ÉDITORIAL DU DIMANCHE 30 OCTOBRE 2022
Monique Lortie, M.A. phi

Serions-nous la civilisation du gazon, de l’herbe rasée ? demande Serge Bouchard dans son « petit tableau » intitulé « Le gazon » (LE MOINEAU DOMESTIQUE).

Prenons de la hauteur philosophique sur un événement malheureux qui a eu lieu il y a quelques jours, chez nous, dans notre ville de Québec.

Observer, s’étonner puis « prendre de la hauteur », voilà l’attitude du philosophe.

La semaine dernière, un bulldozer est venu piétiner, démanteler, détruire définitivement un superbe espace dévolu à des jardins communautaires sur la rue du Foulon, au pied de la côte de Sillery. L’espace de culture situé entre l’asphalte et la voie ferrée qui suit la promenade Champlain n’a, depuis plus de 50 ans, d’autre vocation que celle de permettre aux voisins-voisines de se connaître, de s’apprécier, de s’échanger des recettes culinaires et potagères.
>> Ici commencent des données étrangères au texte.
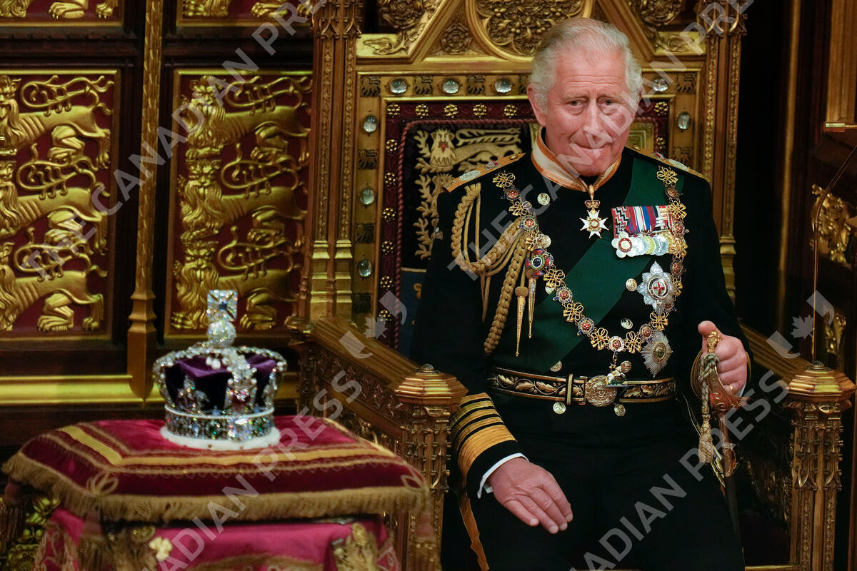 Prince Charles is seated next to the Queen's crown during the State Opening of Parliament, at the Palace of Westminster in London, Tuesday, May 10, 2022. Queen Elizabeth II did not attend the opening of Parliament amid ongoing mobility issues. (AP Photo/Alastair Grant, Pool)

Depuis plus de 50 ans !

Mais voilà que récemment un « obsédé de la tonte et de la taille » a surgi dans l’histoire. Enivré de contrôle, et de ressentiment, un voisin bougonneux s’est donné le mandat de faire arracher ce « tas de broussaille » qu’il jugeait… inesthétique.

Notre homme a ameuté la Ville, jusqu’au CN à qui appartient cette petite bande de terrain vague entre rails et chaussée. Il en a mis du temps, notre monsieur, il en a mis de l’énergie, il en a mis de l’adrénaline avant d’arriver à son grotesque but !

La triste affaire ne serait qu’un fait divers si elle n’était, aussi, immorale.

Immorale, elle l’est car elle est une affaire humaine : poursuivre son noir dessein dans le but de ravir à ses voisins une des plus merveilleuses et honnêtes joies de la vie : cultiver ses haricots, ses salades et son ail. On pourrait même ajouter, si on était philosophe, que la culture maraîchère est une de ces choses qui distinguent l’homme de l’animal. C’est dire !

Mais qu’à cela ne tienne : cet homme de colère (et de ressentiment) a eu raison des administrations pusillanimes. Je veux dire par là des administrations qui prêchent la protection de l’environnement, la sensibilisation à la nature, qui se disent « contre le béton, la poussière et la pollution », mais qui frissonnent lorsqu’un seul citoyen – un seul – élève la voix pour réclamer son plein droit au… gazon !

« Un million d’années pour en arriver là », s’écrie Bouchard indigné : interdire tout potager domestique, s’acheter des tondeuses à gazon, « tondre le gazon et aimer ça » ! Voilà l’homme aujourd’hui.

Je crains que nous ne soyons ici en plein dans le wokisme ambiant : l’exigence d’un seul qui se prétend lésé balaie la vie de tous les autres et piétine tous les principes. Au nom de l’inclusion ! L’entreprise – et sans doute aussi, l’intention – est, tout simplement, perverse.

Or les légumes sont une nourriture pour l’homme. Respecter le potager, c’est alors respecter l’homme.
Qui plus est, toutes ces activités maraîchères font de l’humain – les animaux ne font pas de potager – un être qui participe à la Création.

Déconstruire la nature est déjà très grave ; déconstruire l’humain est impardonnable.